In the proteinuria-KF/mortality cohort, 167 of 659 patients with baseline proteinuria <1 g/d experienced a KF/all-cause mortality event over a median (Q1–Q3) follow-up of 37.0 (17.1–67.2) months, while 308 of 788 patients with baseline proteinuria ≥1 g/d experienced a KF/all-cause mortality event over a median (Q1–Q3) follow-up of 23.9 (7.3–51.1) months. The Kaplan–Meier analysis resulted in a significantly higher risk of KF/mortality for patients with proteinuria >1 g/d at baseline (P < 0.001; Figure 3A). In the unadjusted Cox proportional hazards model, proteinuria ≥1 g/d was associated with elevated risk for KF/mortality events (HR [95% CI]: 2.43 [2.01 to 2.93]; P < 0.001).
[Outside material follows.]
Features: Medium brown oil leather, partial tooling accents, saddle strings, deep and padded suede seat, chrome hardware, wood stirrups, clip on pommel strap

After adjusting for covariates, proteinuria ≥1 g/d remained associated with a significantly elevated risk for KF/all-cause mortality events (HR [95% CI]: 2.10 [1.73 to 2.56]; P < 0.001; Figure 3B).
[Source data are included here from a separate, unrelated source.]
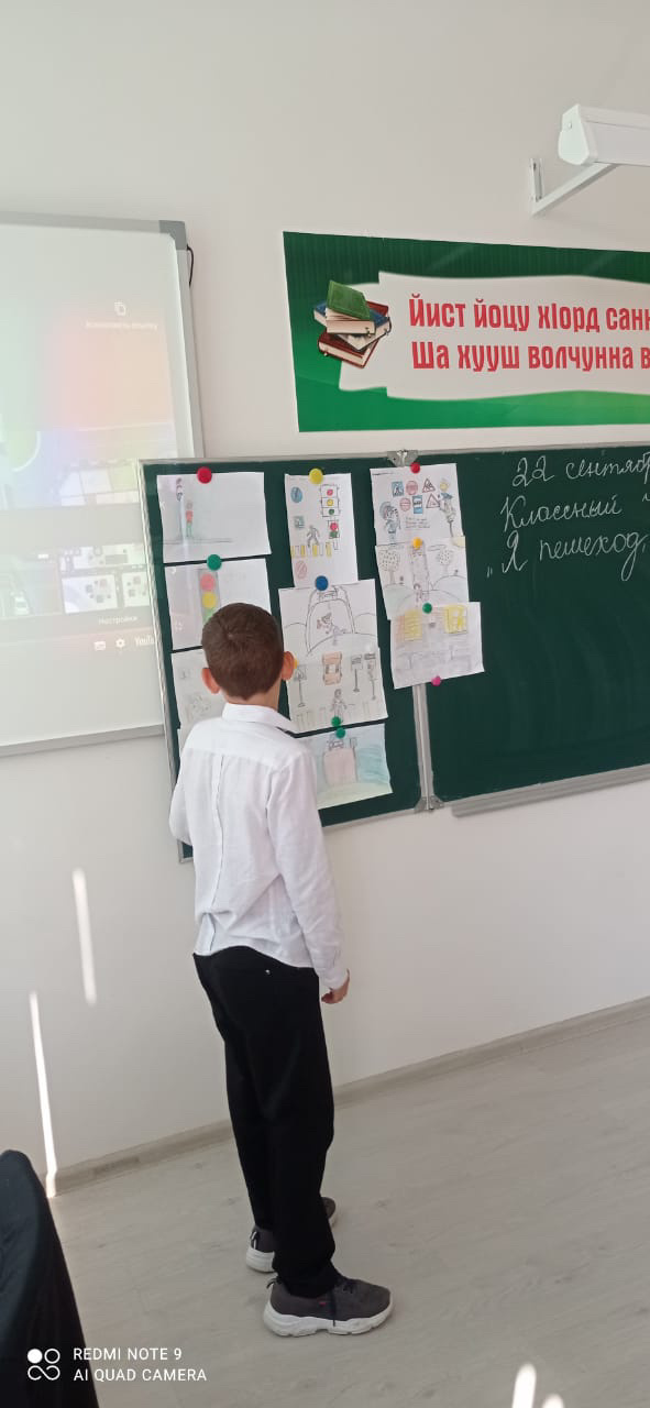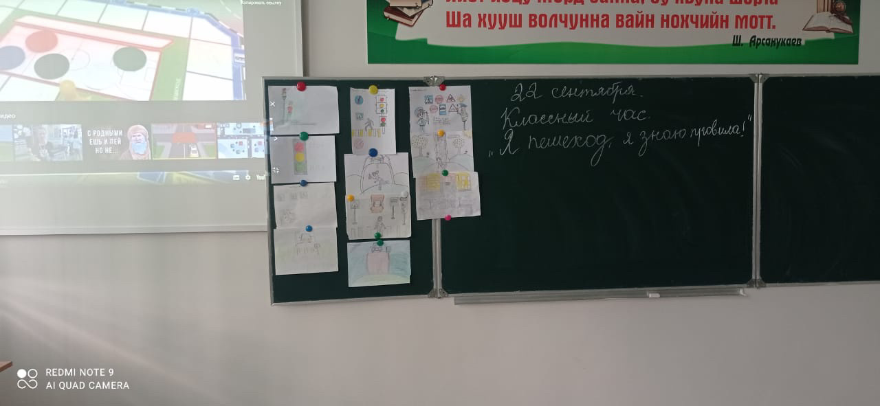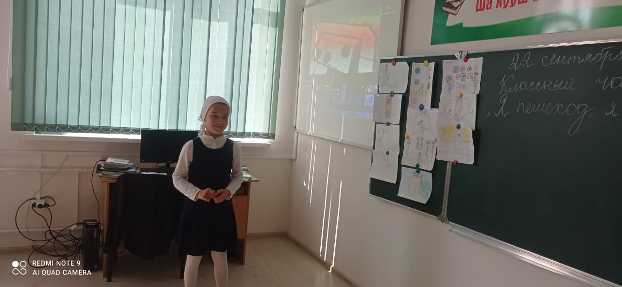 22 сентября, в 5 в классе классный руководитель Хусайинова Марет Адамовна провела классный час на тему: «Я пешеход, я знаю правила! »
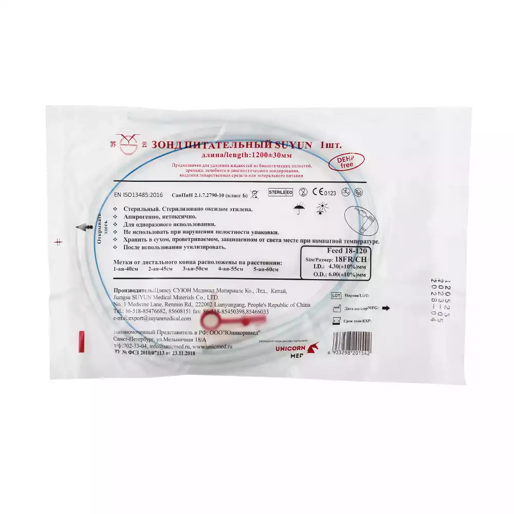 Зонд питательный CH-18, длина 120 см, диаметр 4,5/6,0мм, стерильный, бесцветный
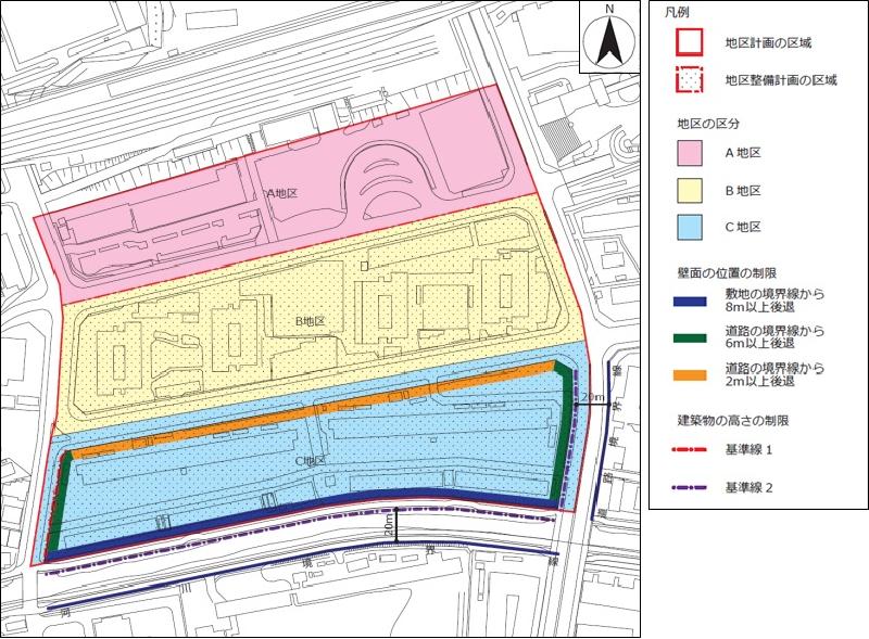 計画図(地区の区分・壁面の位置の制限・建築物の高さの制限)

KF Status Was Associated With CVD/All-Cause Mortality Events
In the KF-CVD/mortality cohort, 632 of 5784 patients with baseline pre-KF status experienced a CVD/all-cause mortality event over a median (Q1–Q3) follow-up of 44.4 (22.9–73.0) months, while 221 of 1029 patients with baseline post-KF status experienced a CVD/all-cause mortality event over a median (Q1–Q3) follow-up of 33.5 (15.3–60.1) months. The Kaplan–Meier analysis resulted in a significantly higher risk of CVD/mortality for patients with baseline post-KF status (P < 0.001; Figure 4A). In the unadjusted Cox proportional hazards model, post-KF status was associated with elevated risk for CVD/mortality events (HR [95% CI]: 3.85 [3.35 to 4.43]; P < 0.001). Post-KF status was also associated with elevated risk for CVD/all-cause mortality events (HR [95% CI]: 3.28 [2.82 to 3.81]; P < 0.001) after adjustment (Figure 4B).
Discussion
To our knowledge, this is the first real-world study analyzing the effect of proteinuria on the risk of CVD/mortality events in patients with IgAN in the United States. We demonstrated that elevated proteinuria ≥1 g/d and progression to KF in patients with IgAN were associated with a significantly higher risk of patients experiencing a CVD/mortality event. Our analysis demonstrated consistent results of the prognostic effects of proteinuria through different approaches: the Kaplan–Meier analysis by the baseline proteinuria, the univariate Cox model by time-dependent proteinuria, and the covariate-adjusted Cox model by time-dependent proteinuria. We note that time-dependent proteinuria dynamically reflects disease progression and has been validated as the best metric to account for the prognostic effects of proteinuria over the majority of the follow-up time for IgAN, better than baseline proteinuria and time-averaged proteinuria.24 These results highlight the potential for reduction in CVD/mortality risk with effective reduction of proteinuria and prevention of KF in the management of IgAN.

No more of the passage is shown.